Records provided
=== Begin Enclosure ===
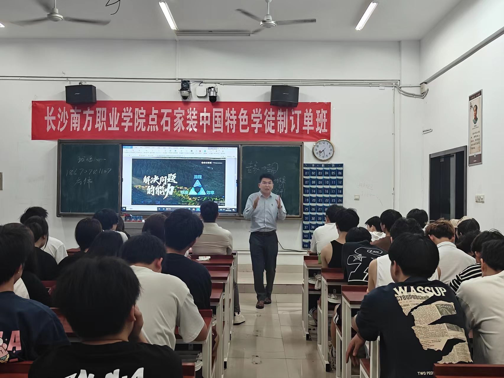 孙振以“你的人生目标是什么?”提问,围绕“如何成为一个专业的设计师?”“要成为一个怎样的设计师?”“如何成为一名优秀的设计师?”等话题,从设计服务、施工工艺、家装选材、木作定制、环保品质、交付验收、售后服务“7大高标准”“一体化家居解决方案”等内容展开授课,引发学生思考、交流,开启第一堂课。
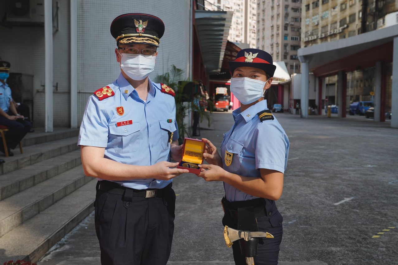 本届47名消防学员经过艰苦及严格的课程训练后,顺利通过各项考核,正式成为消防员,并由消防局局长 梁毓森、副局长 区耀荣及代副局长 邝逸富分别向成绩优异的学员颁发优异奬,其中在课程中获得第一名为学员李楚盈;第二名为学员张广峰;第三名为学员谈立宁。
=== End Enclosure ===
=== Begin Enclosure ===
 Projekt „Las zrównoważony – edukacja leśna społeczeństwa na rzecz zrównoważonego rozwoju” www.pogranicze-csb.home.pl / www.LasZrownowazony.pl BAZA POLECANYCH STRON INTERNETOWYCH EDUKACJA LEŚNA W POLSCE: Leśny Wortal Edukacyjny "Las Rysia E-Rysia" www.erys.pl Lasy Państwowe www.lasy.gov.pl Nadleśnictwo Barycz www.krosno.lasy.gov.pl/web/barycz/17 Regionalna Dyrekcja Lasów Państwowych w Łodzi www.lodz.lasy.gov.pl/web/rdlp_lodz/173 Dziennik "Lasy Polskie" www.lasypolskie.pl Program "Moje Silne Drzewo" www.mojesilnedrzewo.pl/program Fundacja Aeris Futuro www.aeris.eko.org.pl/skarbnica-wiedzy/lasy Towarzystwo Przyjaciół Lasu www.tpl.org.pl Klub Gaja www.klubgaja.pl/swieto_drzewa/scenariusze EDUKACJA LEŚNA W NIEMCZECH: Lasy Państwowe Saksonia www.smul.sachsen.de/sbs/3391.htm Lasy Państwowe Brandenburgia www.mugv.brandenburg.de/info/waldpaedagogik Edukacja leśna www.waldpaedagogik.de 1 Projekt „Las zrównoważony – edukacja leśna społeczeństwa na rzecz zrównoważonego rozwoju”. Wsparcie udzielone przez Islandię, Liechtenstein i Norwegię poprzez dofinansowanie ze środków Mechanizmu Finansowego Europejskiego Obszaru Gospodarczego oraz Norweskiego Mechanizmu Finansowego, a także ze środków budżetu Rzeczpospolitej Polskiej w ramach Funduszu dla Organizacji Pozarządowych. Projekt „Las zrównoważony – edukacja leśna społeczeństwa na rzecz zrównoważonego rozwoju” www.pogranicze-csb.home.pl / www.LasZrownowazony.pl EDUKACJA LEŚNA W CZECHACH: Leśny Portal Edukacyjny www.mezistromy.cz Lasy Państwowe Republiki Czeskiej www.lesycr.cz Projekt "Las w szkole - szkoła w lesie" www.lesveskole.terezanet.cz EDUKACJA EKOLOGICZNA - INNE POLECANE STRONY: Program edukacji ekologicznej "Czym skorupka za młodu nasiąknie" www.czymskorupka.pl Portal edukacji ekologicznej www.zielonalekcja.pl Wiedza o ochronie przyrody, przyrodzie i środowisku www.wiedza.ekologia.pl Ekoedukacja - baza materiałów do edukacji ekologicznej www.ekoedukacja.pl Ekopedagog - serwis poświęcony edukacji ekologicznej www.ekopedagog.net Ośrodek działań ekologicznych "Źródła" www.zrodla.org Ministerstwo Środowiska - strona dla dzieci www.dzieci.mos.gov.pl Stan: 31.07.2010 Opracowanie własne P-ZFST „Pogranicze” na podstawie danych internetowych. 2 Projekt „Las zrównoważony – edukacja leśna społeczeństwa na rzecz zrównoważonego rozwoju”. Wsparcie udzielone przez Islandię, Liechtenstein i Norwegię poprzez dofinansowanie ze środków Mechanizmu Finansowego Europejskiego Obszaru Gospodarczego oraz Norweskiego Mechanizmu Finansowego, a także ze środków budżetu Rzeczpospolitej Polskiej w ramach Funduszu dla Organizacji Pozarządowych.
=== End Enclosure ===
=== Begin Enclosure ===
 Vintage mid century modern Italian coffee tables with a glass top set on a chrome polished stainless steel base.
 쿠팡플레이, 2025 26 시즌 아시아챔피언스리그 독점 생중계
=== End Enclosure ===
Exercise
Could you restate word for word the lines above from the one containing "Vintage mid century" through the one containing "쿠팡플레이, 2025 26 시즌 아시아챔피언스리그 독점 생중계", both included, and nothing else?

Task output
 Vintage mid century modern Italian coffee tables with a glass top set on a chrome polished stainless steel base.
 쿠팡플레이, 2025 26 시즌 아시아챔피언스리그 독점 생중계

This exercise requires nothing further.